Penyakit TBC merupakan satu dari 10 penyebab kematian dan penyebab utama agen infeksius di tingkat global. Oleh karena itu, mengapa TBC perlu dieliminasi hal ini dikarenakan bahwa TBC menular sehingga menjadi ancaman serius bagi setiap negara; pengobatan TBC tidak mudah dan murah; TBC yang tidak ditangani hingga tuntas menyebabkan resistensi obat; dan TBC menular dengan mudah yakni melalui udara yang berpotensi menyebar di lingkungan keluarga, tempat kerja, sekolah, pondok pesantren, dan tempat umum lainnya.
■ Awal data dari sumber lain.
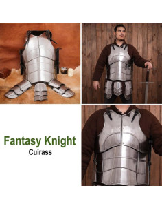 Corazza da cavaliere medievale lucida Realizzata in robusto acciaio dolce calibro 18, questa corazza copre completamente il busto, l'inguine e i fianchi pur rimanendo leggera. È disponibile in tre taglie: Medium (94-104 cm di torace), Large (105-115 cm di torace) ed Extra Large (116-126 cm di torace) ed è altamente regolabile grazie alle sue molteplici cinghie in vera pelle. L'assemblaggio interno accuratamente progettato consente una mobilità del busto sorprendentemente buona quando ci si sporge in avanti e le tre bande gli conferiscono un aspetto unico che sembra uscito direttamente dal tuo universo fantasy preferito.
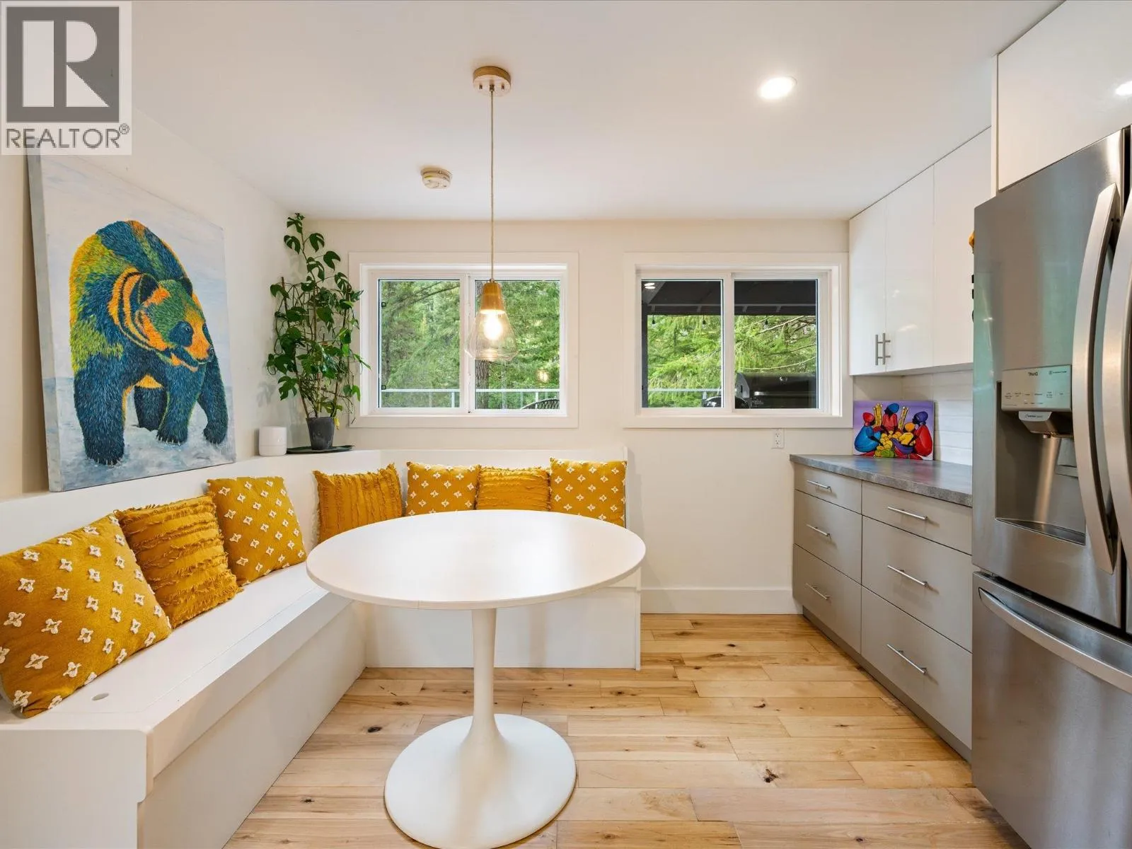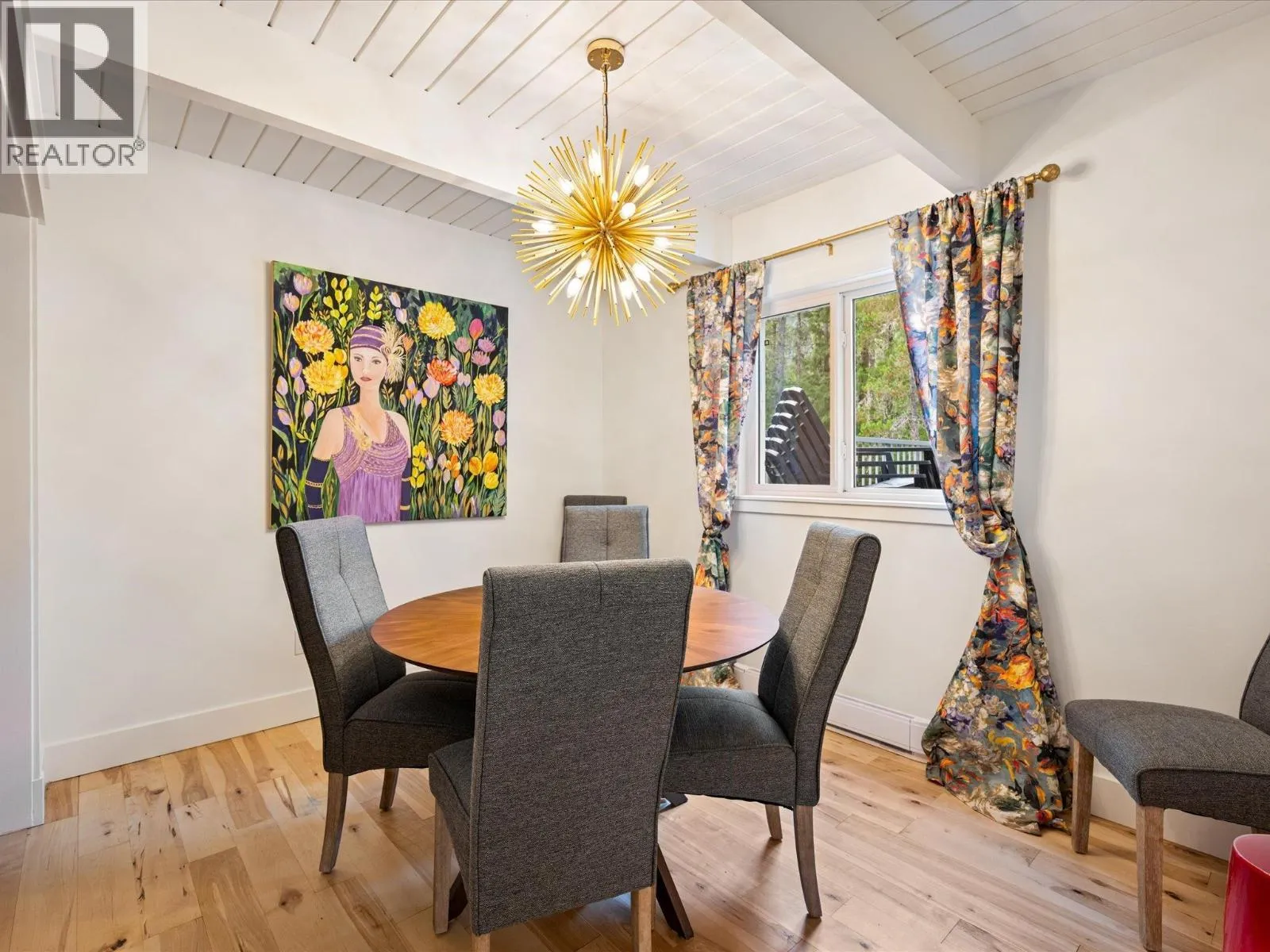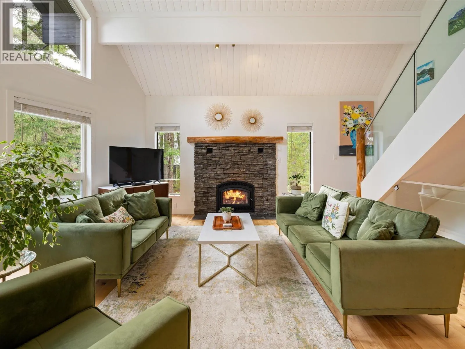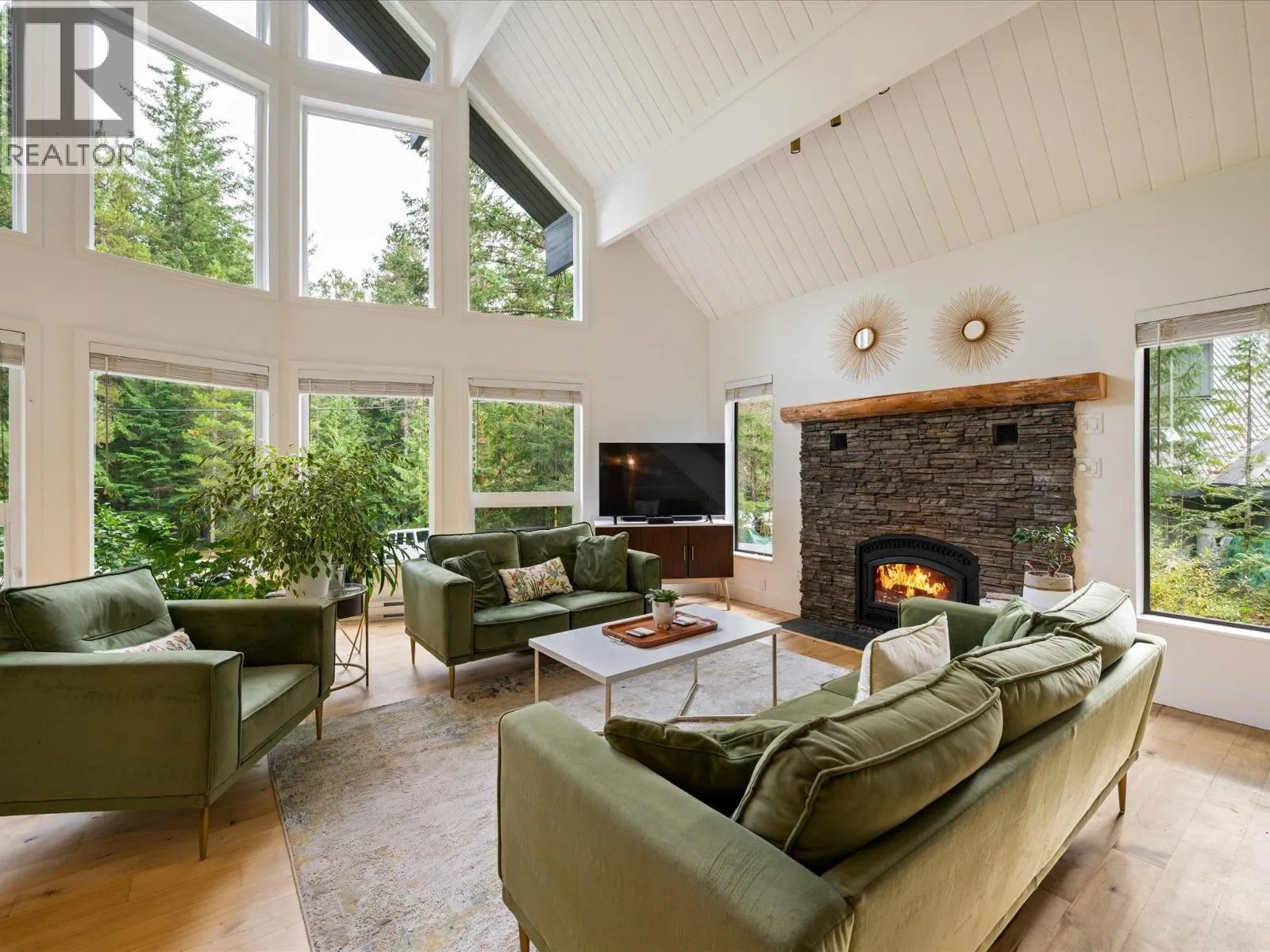 Private Black Tusk Village home blending contemporary comfort with a private treed setting, mountain views, and backing onto Pinecrest Lake with dock access. Vaulted ceilings and expansive windows fill the main level with light, featuring a wood-burning fireplace and a flexible bedroom/den/office space. Upstairs offers two bedrooms; the lower-level master retreat boasts a spa-inspired ensuite and heated floors. Recent upgrades include remodeled bathrooms, updated electrical with EV charging, LED lighting, and a deck with glass railings. Enjoy outdoor living with a covered deck, perennial garden, paved driveway with RV parking, and a two-room studio. Community amenities include private lake access, tennis courts, and trails-your turnkey Whistler escape. (id:27476)

Berdasarkan data di Kabupaten Kotabaru penemuan kasus TBC untuk semua kategori hingga saat ini sebesar 37,1% dari 998 kasus, dimana masih rendahnya atau berkisar 24,4% penderita TBC yang melaksanakan konversi atau pemeriksaan dahak setelah 2 bulan pengobatan, juga angka kesembuhan atau penderita dengan pengobatan lengkap masih rendah berkisar 52,4%.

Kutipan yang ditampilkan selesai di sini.